The part to set down runs from the first line of the data below through the line with "Весенний пейзаж с", inclusive; write it exactly and leave out the pictures.

**Stored data:**
————
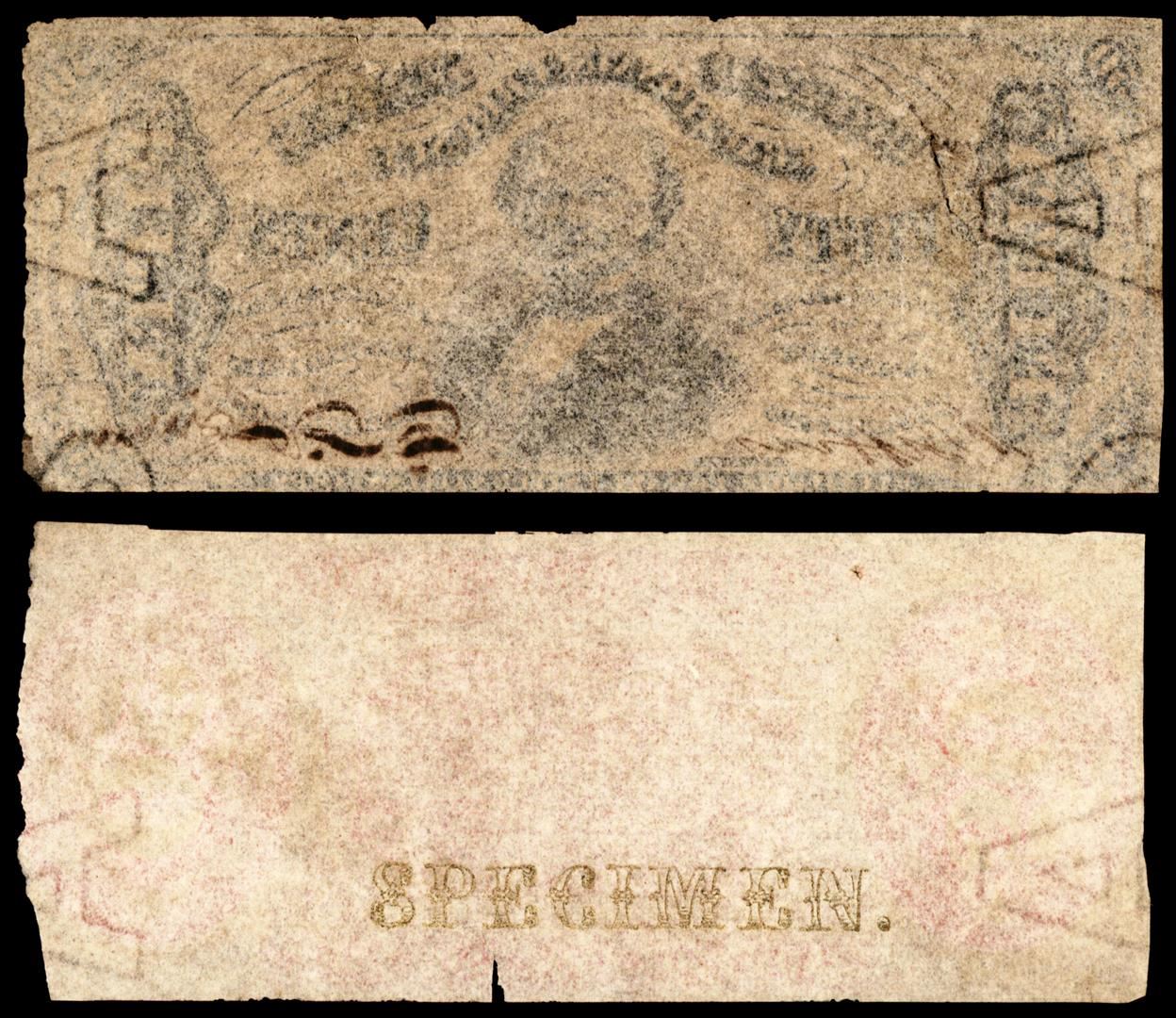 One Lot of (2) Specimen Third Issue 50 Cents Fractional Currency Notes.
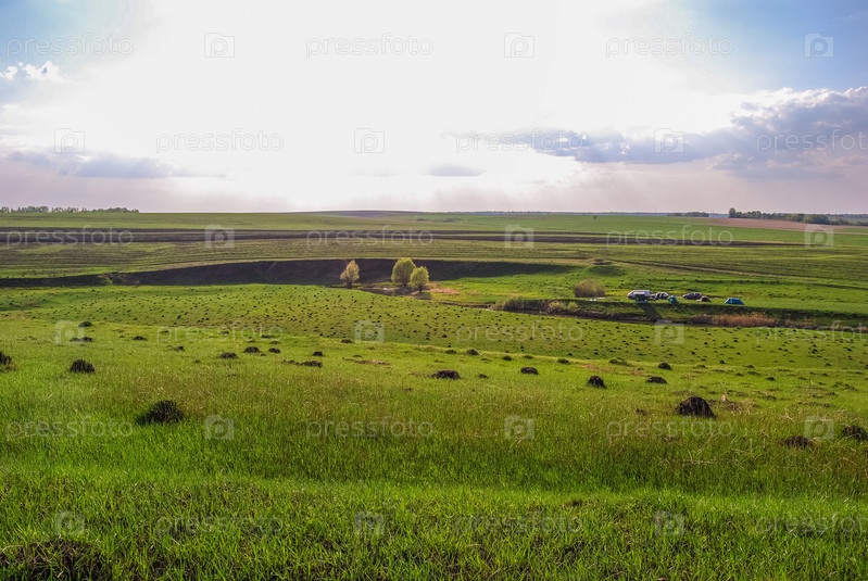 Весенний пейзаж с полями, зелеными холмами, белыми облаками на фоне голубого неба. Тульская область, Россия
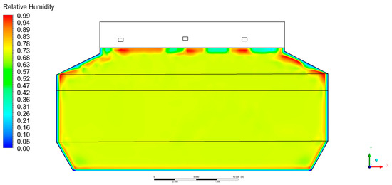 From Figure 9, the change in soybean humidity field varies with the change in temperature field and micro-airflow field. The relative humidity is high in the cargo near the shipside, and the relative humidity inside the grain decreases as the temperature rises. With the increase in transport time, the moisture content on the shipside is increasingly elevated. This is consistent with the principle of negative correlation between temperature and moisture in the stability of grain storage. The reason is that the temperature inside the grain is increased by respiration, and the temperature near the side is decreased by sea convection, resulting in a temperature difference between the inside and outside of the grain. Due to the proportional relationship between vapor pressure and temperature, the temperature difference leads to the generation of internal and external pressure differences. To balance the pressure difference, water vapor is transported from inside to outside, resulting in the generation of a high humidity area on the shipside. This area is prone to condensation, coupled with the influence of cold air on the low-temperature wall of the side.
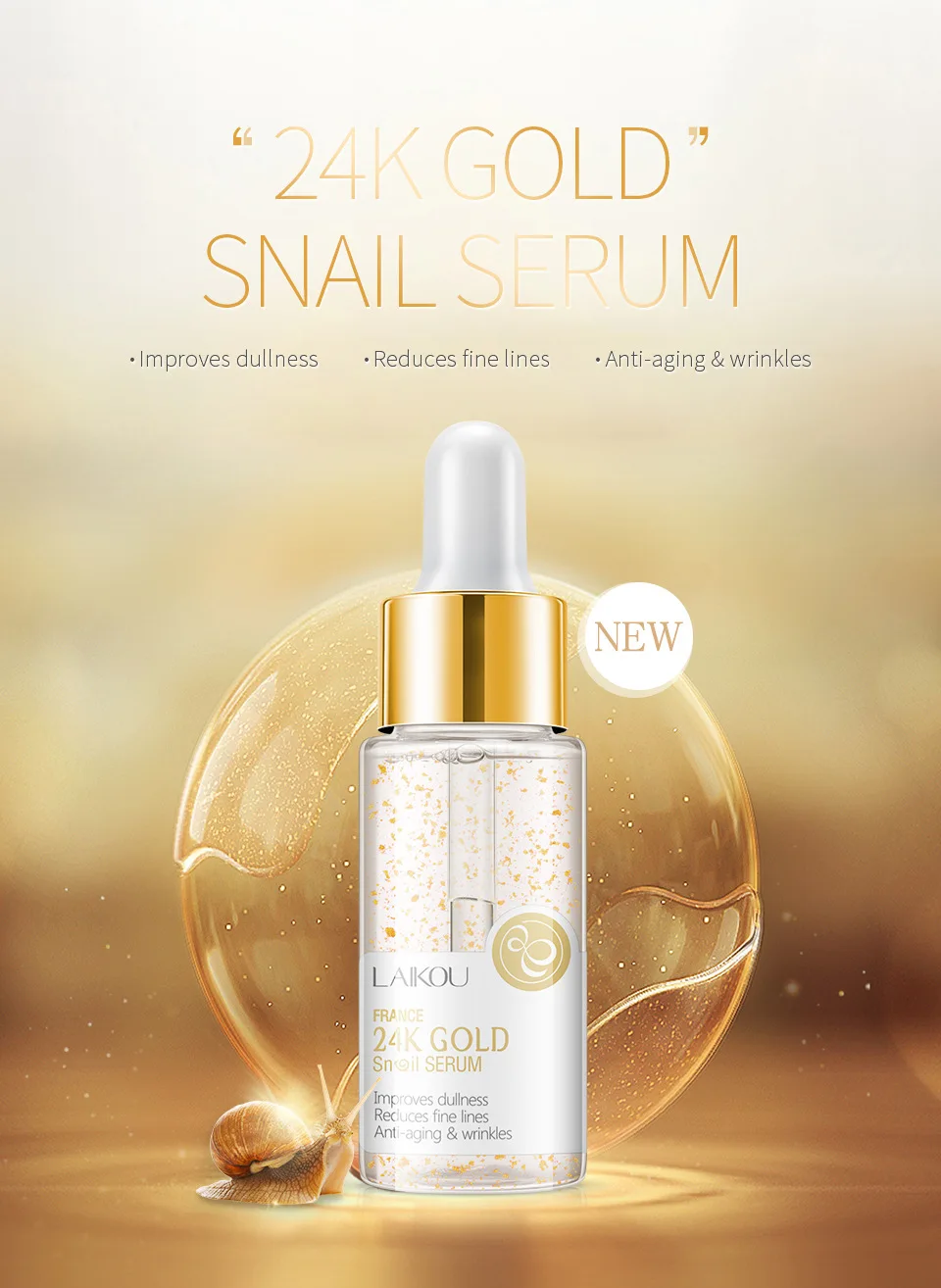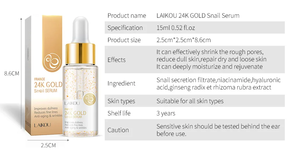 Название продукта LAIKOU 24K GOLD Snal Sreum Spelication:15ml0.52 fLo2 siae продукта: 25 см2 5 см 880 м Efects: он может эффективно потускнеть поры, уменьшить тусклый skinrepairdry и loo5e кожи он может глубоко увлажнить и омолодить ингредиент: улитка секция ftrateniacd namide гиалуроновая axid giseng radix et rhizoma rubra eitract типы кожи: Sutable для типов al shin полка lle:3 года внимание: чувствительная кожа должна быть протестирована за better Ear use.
————
**Output:**
 One Lot of (2) Specimen Third Issue 50 Cents Fractional Currency Notes.
 Весенний пейзаж с полями, зелеными холмами, белыми облаками на фоне голубого неба. Тульская область, Россия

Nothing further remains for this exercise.